=== Section Start ===

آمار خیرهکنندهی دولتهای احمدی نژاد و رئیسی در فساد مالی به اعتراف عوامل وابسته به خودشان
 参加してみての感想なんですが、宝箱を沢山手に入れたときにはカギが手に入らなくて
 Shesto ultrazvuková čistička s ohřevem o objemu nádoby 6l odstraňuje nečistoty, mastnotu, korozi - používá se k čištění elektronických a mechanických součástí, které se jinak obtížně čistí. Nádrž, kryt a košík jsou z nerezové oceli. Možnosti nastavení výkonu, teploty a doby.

=== Section End ===
=== Section Start ===

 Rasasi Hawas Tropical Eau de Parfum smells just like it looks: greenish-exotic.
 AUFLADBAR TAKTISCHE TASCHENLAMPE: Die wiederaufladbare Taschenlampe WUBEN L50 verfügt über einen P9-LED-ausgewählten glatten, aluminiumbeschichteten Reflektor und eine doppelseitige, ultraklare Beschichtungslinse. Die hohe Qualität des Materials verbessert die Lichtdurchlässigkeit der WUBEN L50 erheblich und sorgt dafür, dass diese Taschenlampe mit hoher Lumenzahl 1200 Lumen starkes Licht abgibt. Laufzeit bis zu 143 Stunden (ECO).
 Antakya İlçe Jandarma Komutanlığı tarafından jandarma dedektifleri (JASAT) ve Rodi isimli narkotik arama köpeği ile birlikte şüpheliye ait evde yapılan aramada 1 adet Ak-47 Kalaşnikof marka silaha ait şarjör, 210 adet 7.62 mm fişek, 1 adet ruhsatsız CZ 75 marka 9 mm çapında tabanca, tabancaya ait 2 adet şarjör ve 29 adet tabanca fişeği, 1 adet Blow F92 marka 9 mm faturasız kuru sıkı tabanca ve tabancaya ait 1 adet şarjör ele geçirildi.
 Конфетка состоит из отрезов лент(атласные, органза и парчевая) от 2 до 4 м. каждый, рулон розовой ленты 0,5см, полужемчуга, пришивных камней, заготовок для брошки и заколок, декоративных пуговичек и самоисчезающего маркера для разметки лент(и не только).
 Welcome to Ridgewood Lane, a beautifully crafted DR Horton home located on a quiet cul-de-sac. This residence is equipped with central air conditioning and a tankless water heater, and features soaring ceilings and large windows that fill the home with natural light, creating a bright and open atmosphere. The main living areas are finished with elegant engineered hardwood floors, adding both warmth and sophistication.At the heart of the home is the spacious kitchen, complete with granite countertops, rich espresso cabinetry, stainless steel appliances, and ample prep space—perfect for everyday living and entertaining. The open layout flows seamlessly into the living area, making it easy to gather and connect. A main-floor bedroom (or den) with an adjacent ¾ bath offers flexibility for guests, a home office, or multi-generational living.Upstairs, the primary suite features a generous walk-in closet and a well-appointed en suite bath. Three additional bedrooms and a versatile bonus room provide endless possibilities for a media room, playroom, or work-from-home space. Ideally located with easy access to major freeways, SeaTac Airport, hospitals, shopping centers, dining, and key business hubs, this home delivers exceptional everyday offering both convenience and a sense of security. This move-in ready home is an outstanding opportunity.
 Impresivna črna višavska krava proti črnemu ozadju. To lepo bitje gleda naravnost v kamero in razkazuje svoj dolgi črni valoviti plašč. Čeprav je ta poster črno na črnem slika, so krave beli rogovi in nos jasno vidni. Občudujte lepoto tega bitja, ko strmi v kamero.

=== Section End ===

Write down again, exactly as given, only the lines above that fall from the line with "آمار خیرهکنندهی دولتهای" to the line with "Shesto ultrazvuková čistička", inclusive.

آمار خیرهکنندهی دولتهای احمدی نژاد و رئیسی در فساد مالی به اعتراف عوامل وابسته به خودشان
 参加してみての感想なんですが、宝箱を沢山手に入れたときにはカギが手に入らなくて
 Shesto ultrazvuková čistička s ohřevem o objemu nádoby 6l odstraňuje nečistoty, mastnotu, korozi - používá se k čištění elektronických a mechanických součástí, které se jinak obtížně čistí. Nádrž, kryt a košík jsou z nerezové oceli. Možnosti nastavení výkonu, teploty a doby.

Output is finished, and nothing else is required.